The real problem is that flow control needs to happen at the pair-of-machines level. If we had that, opening 1000 "stream" connections to a server would be exactly the same as opening a single 1000-channel SCTP connection.

jude- · on Feb 13, 2015

> Why not just have the wire sniffer decode the frames before presenting them.

Certainly possible, but why make our lives harder by implementing HTTP/2 such that it requires a decoder to read in the first place? If the number of bytes sent remains the same, why not make the fields as self-documenting as possible?

> Everything that speaks HTTP2 also speaks HTTP1.1

No, they have fundamentally different wire formats. This statement isn't even true for HTTP/1.1 and HTTP/1.0, which both have the same wire formats and share many fields but have different interpretations for some of them.

MichaelGG · on Feb 13, 2015

>Certainly possible, but why make our lives harder

I cannot imagine anyone that has written a compliant HTTP parser, or attempted to make a fast HTTP implementation thinking the new framing is harder.

As the article mentions, yeah, it would be nice to be able to look through raw captures.

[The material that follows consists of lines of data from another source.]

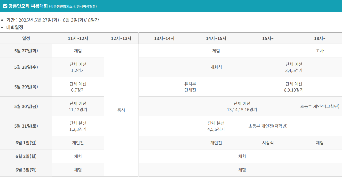 - 씨름 대회: 5월 27일 ~ 6월 3일, 단오장 씨름장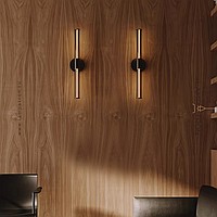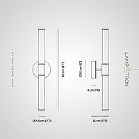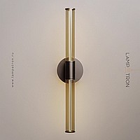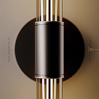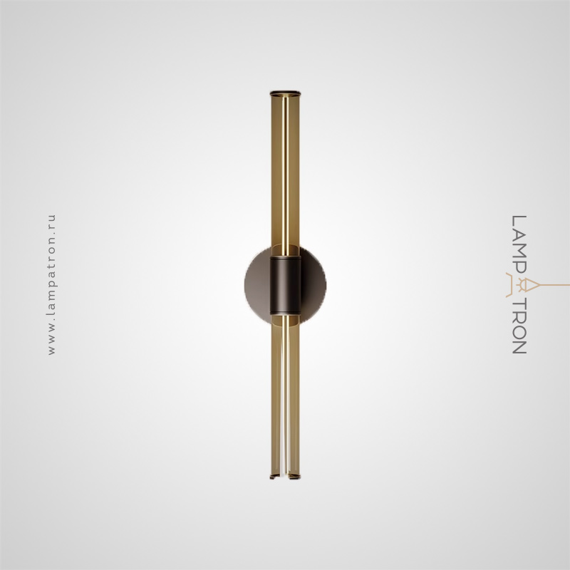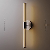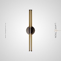 Wall lamp made of elongated cylindrical body made of glass and brass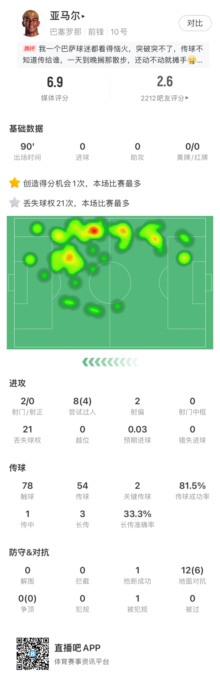 低迷!亚马尔国度德比发扬:2射0正,21次丢失球权,媒体评分6.9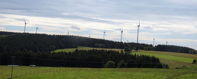 Blick auf den Windpark Dahlem I-III, zwischen Schnorrenberg und Berk.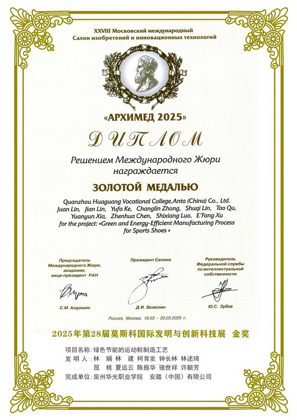 近日,从备受瞩目的“2025年第28届莫斯科国际发明与创新科技展览会”传来振奋人心的消息:由泉州华光职业学院与安踏(中国)有限公司强强联手打造的《绿色节能的运动鞋制造工艺》项目,凭借其卓越的技术创新力,一举夺得国际发明金奖。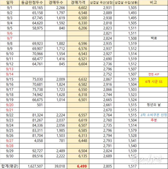 ※ 9월 22일자 주간 돼지고기 시황(출처 한국육류유통수출협회)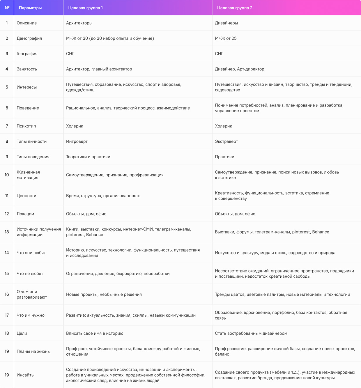 Специалисты провели детальный анализ тематики, чтобы понять текущие тренды и интересы в сфере дизайна и архитектуры — это позволило выделить ключевые сегменты аудитории и охарактеризовать их.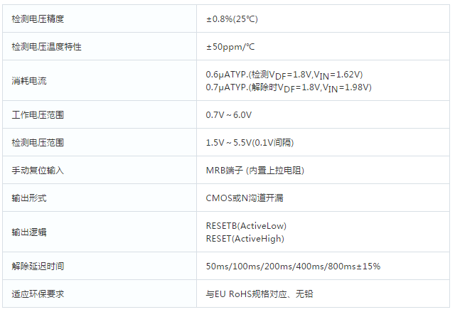 CXDR7550系列产品是超小型, 高精度内置延迟电路的电压检测器IC。由于采用了CMOS工艺, 高精度基准电源, 激光微调技术实现了包括温度漂移在内的高精度, 低消耗电流, 高精度延迟时间。内部微调可以在50ms到最长800ms之内设定解除延迟时间,能确保较长的复位时间。还可使用手动复位引脚(MRB)的强制复位功能。有N沟道开漏和CMOS两种输出,能从RESETB(Active Low)和RESET(Active High)中选择输出逻辑状态。备有USPN-4及SSOT-24,SOT-25三种超小型封装,适用于便携式仪器的小型化, 高密度实装以及取代既往产品。CXDR7550 series is ultra small highly accurate voltage detector with delay circuit built-in. The device includes a highly accurate reference voltage source, manufactured using CMOS process technology and laser trimming technologies, it maintains high accuracy, low power consumption, and accurate releases delay time over the full operation temperature range. The release delay time periods are internally set in a range from 50ms to 800ms. Moreover, with the manual reset function, reset can be asserted at any time. The device is available in both CMOS and N-channel open drain output configurations. Also detect logic is available in both RESETB (Active Low) and RESET (Active High). Ultra small package USPN-4 is ideally suited for small design of portable devices and high densely mounting applications. The conventional packages SSOT-24,SOT-25 is also available for upper compatible replacements.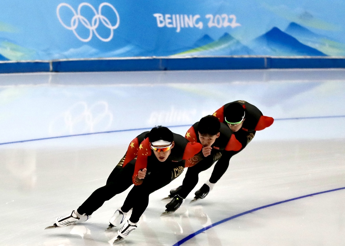 1月30日,在國(guó)家速滑館“冰絲帶”,中國(guó)運(yùn)動(dòng)員在進(jìn)行賽前訓(xùn)練。 中國(guó)日?qǐng)?bào)記者 張威 攝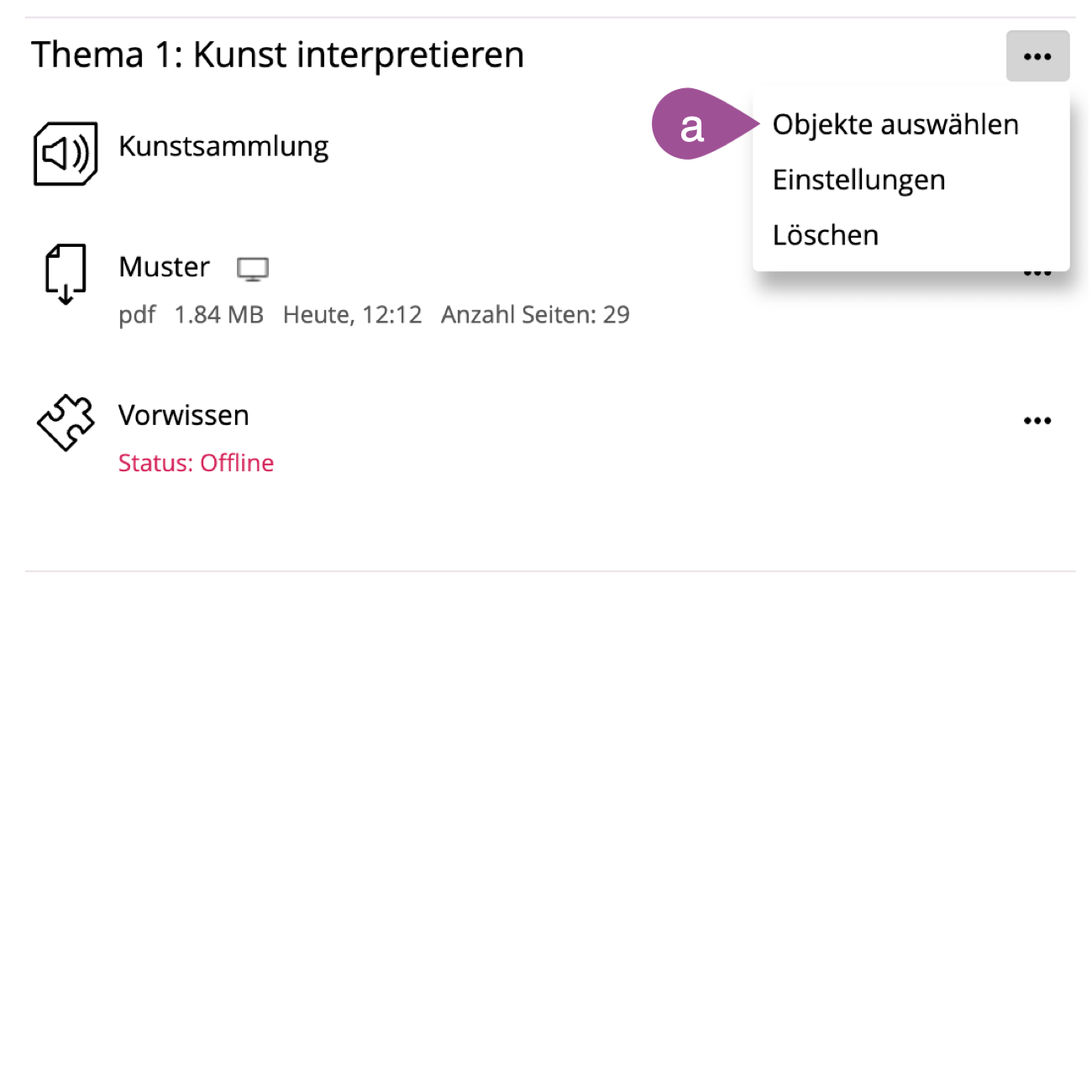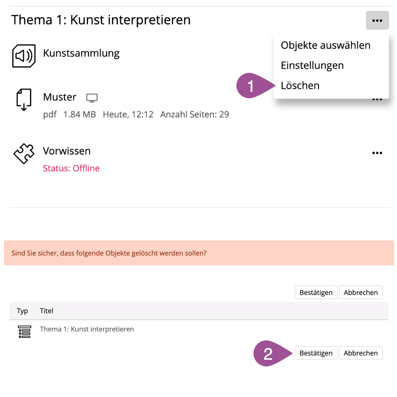 Öffnen Sie das Aktionenmenü des Objekteblocks und wählen Sie «Löschen». | |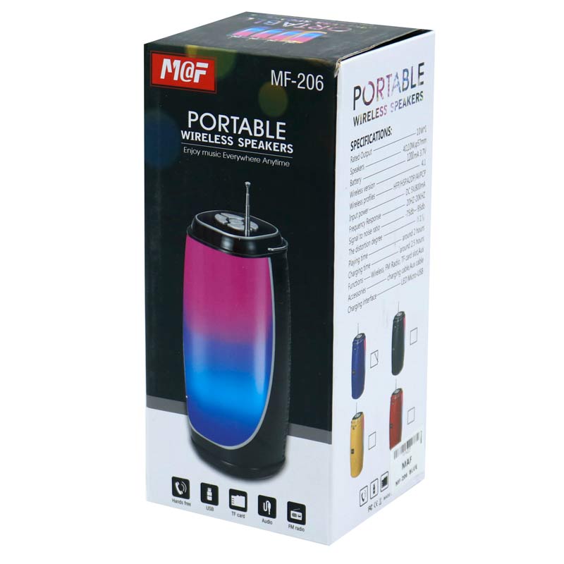 اسپیکر مدل MF-206 از بدنه ای به جنس پلاستیک و فلز ساخته شده است و از مقاومت نسبتا مناسبی در برابر ضربه و دیگر آسیب های احتمالی برخوردار می باشد. یک دسته نیز بر روی این دستگاه پخش کننده صوتی تعبیه شده که حمل و جابجایی آن را در محیط های مختلف برای کاربر راحت تر می کند. درایور این اسپیکر قادر است با توان خروجی ۱۰ وات در محدوده فرکانسی ۶۰ هرتز تا ۱۵ کیلوهرتز با حساسیت سیگنال به نویز ۷۵ دسی بل، صدایی استریو با وضوح فراگیر و بیس بالا را به گوش برساند. این دستگاه به صورت بی سیم توسط بلوتوث نسخه ۵٫۰ به گوشی های موبایل و دیگر گجت ها متصل می شود و تا شعاع ۱۰ متری بدون قطعی به پخش ادامه می دهد. رابط جک صوتی ۳٫۵ میلی متری (AUX) برای ارتباط به دستگاه های فاقد بلوتوث، شیار کارت حافظه رم میکرو SD و پورت فلش مموری USB نیز برای دسترسی به فایل های صوتی ذخیره شده بر روی بدنه وجود دارد. میکروفون داخلی باکیفیتی برای اسپیکر بلوتوثی رم و فلش خور MF-206 تعبیه شده تا کاربر تماس های بدون نویزی را برای مکالمه تجربه نماید. یکی از ویژگی های کاربردی این دستگاه پخش کننده صوتی پرتابل مجهز بودن به رادیو FM می باشد که از طریق آنتن اکسترنالی که برای آن درنظر گرفته شده در بازه فرکانسی گسترده ای امکان شنیدن برنامه های رادیویی را با صدایی شفاف فراهم می کند. نورپردازی LED زیبایی نیز بر جذابیت این اسپیکر در هنگام پخش موسیقی افزوده است. دکمه های فیزیکی به منظور مدیریت بر پخش آهنگ، تنظیم میزان ولوم، نورپردازی و … بر روی بدنه جهت دسترسی آسان قرار گرفته است. باتری لیتیومی داخلی با ظرفیت ۱۲۰۰ میلی آمپر ساعت وظیفه تامین انرژی این پخش کننده صوتی بی سیم را برعهده دارد که میزان شارژ آن حدود ۶ ساعت دوام خواهد داشت، این باتری به وسیله کابل میکرو یو اس بی مجدد شارژ خواهد شد.
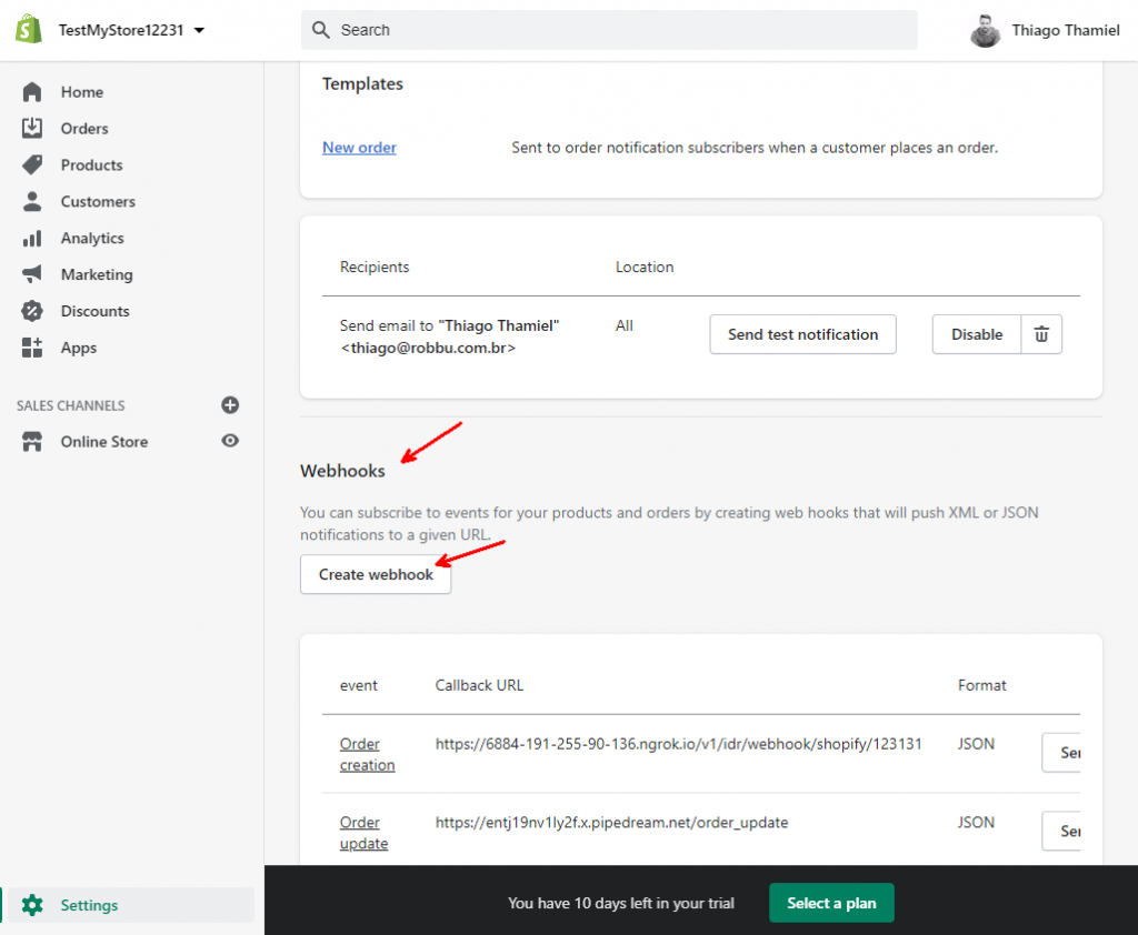 Em seguida, você será levado para a página de notificação; nessa página, procure a opção Webhooks e clique em Criar webhook: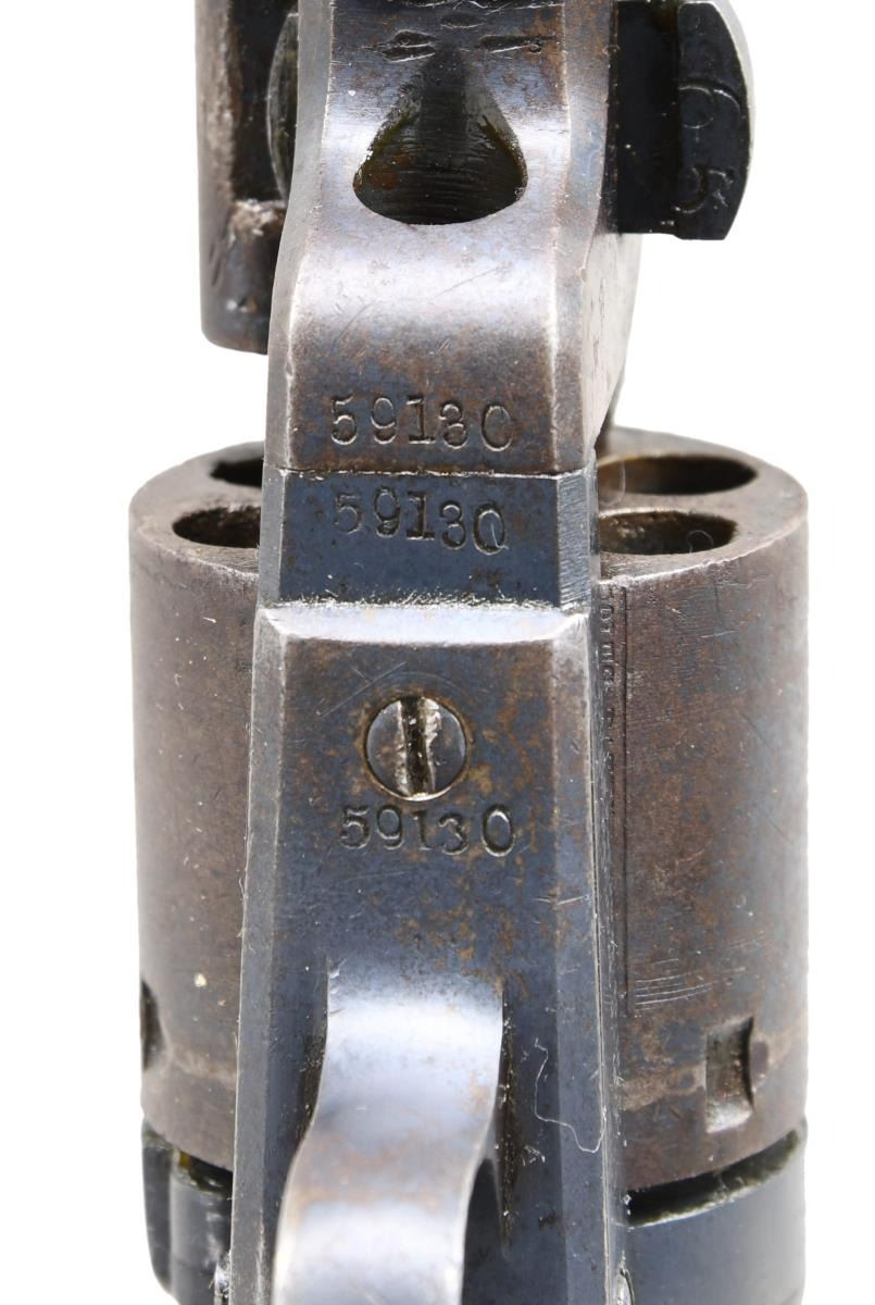 Cal. 38 CF. S# 59130. Bbl. 7 1/2" octagon w/ New York address. Brass cone style front sight. Ejector housing is fitted to right side of bbl. Six shot round cyl. w/ naval scene roll engraving. Iron grip straps. Full blue finish. Butt of gun is stamped "U. S. N." over inspector's initials "J.L.H.". Left side of frame has 1871 & 1872 patent dates. 1 piece walnut grip. Total of about 3,800 converted in the mid 1870s. CONDITION: 60% dull blue fading to brown showing spots of corrosion. Cyl. has weakly visible scene. Grips are age darkened w/ heavy wear, dents & handling marks. Hammer will not hold in full cock position. Bore is generally bright retaining strong rifling. (01-25162/DS). ANTIQUE. $2,250-3,000.

But overall, it's simply too much of a massive downside. It wastes space and burns CPU for nearly zero benefit.

Text protocols make developers start treating them like text than protocols, so you end up with a nightmare of things that look ok to humans but introduce compatibility or security issues when parsing. Even getting line endings right is a pain.

derefr · on Feb 13, 2015

I don't mean that everything that speaks HTTP2 speaks HTTP1.1 definitionally; I mean that, literally, every web browser and web server currently coded to speak HTTP2 is also coded, by duplication of effort, to speak HTTP1.1, and nothing offers an "HTTP2-only" mode of operation so far (nor, I doubt, will anything any time soon.)